Whatever the mode of transportation or the problems they may have faced, it all appears to have paid off: less than ten-years later, Richard and Bridget had 160-acre farm with $113 of farm equipment and machinery, and livestock worth $976, including fifty-eight cows, twelve pigs, and 100 chickens.[11] They were also growing Indian corn, oats, wheat, Irish potatoes, apples, and peaches. I’d say the trip was worth it.
[1] Ray Allen Billington & Martin Ridge, Westward Expansion: A History of the American Frontier, 6th ed. (Albuquerque: University of New Mexico Press, 2001), 358.
[2] Ibid., 358-359.
[3] Ibid., 360.
[4] Land-Office Military Warrant, No. 1369, 12 July 1783, Samuel Pickrel (sic); digital image, Kentucky Secretary of State, Revolutionary War Warrants, (http://landofficeimages.sos.ky.gov/landofficeimages/images/LG35/IMAGES/00000004/00000006/41e2bbc1.tif : accessed 4 Feb 2017).
[5] Kansas Publishing Company, Some General Practical Information in Regard to the “Great State of Kansas,” 2nd ed., (Lawrence, Kansas: The Kansas Pub. Co., 1870), 60; digital image, Kansas Memory (https://www.kansasmemory.org/item/212552 : accessed 22 October 2019).
[6] Ibid., 61.
[7] “Direction from Channahon, Will County, Illinois to Walton, Labette County, Kansas,” Google (https://www.google.com/maps : accessed 22 October 2019).
[8] 1870 U.S. census, Will County, Illinois, agricultural schedule, Channahon, p. 5-6, Richard McCormick; citing NARA microfilm pub.

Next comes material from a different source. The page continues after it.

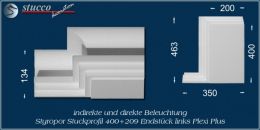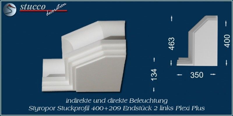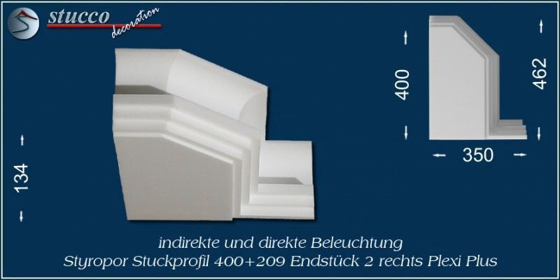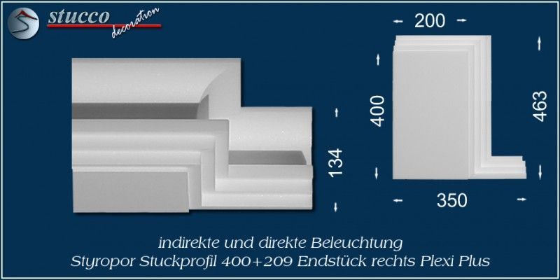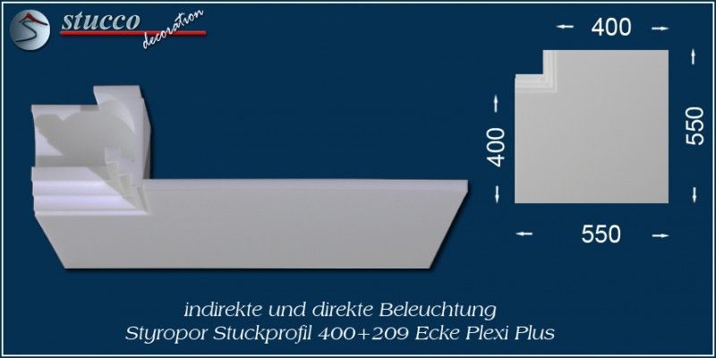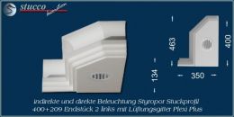 Die Kombi Lichtleisten für direkte und indirekte Beleuchtung Dortmund 400+209 Plexi Plus sind Stuckprofile aus Styropor, die sich aus der Stuckleiste für indirekte Beleuchtung Dortmund 209 Plexi Plus und einer 400 mm breiten Grundfläche zusammensetzen. Mit Hilfe von 3 Fixierungsstücken pro Meter (je eins am Anfang, in der Mitte und am Ende) lässt sich dieses Stuckprofil leicht und aufwandsarm einbauen. Eckelemente, Verbindungsstücke und Endstücke ermöglichen eine ganz individuelle Gestaltung der Deckenbeleuchtung, die Sie speziell an Ihre räumlichen Gegebenheiten anpassen können. Die Kombi Lichtleiste Dortmund 400+209 Plexi Plus ist in der Größe und im Muster auf die Stuckleiste Dortmund 209 Plexi Plus für indirekte Beleuchtung abgestimmt, so dass Sie beide Leistenarten auch abwechslungsreich miteinander kombinieren können.

T1133, roll 23.
[9] Henry Poor, Manual of the Railroads of the United States for 1873-74 (New York: J.J. Little & Co., 1873), 221; digital images, Google Books (http://books.Google.com : accessed 22 October 2019)
[10] Maps showing the Route and Land Grant of the Missouri, Kansas and Texas Railway, 1871; digital images, Kansas Memory (https://www.kansasmemory.org/item/213912 : accessed 22 October 2019).
[11] 1880 U.S. census, Labette County, Kansas, agricultural schedule, Walton, p. 1, Richard McCormick; citing NARA microfilm pub. T1130, roll 22.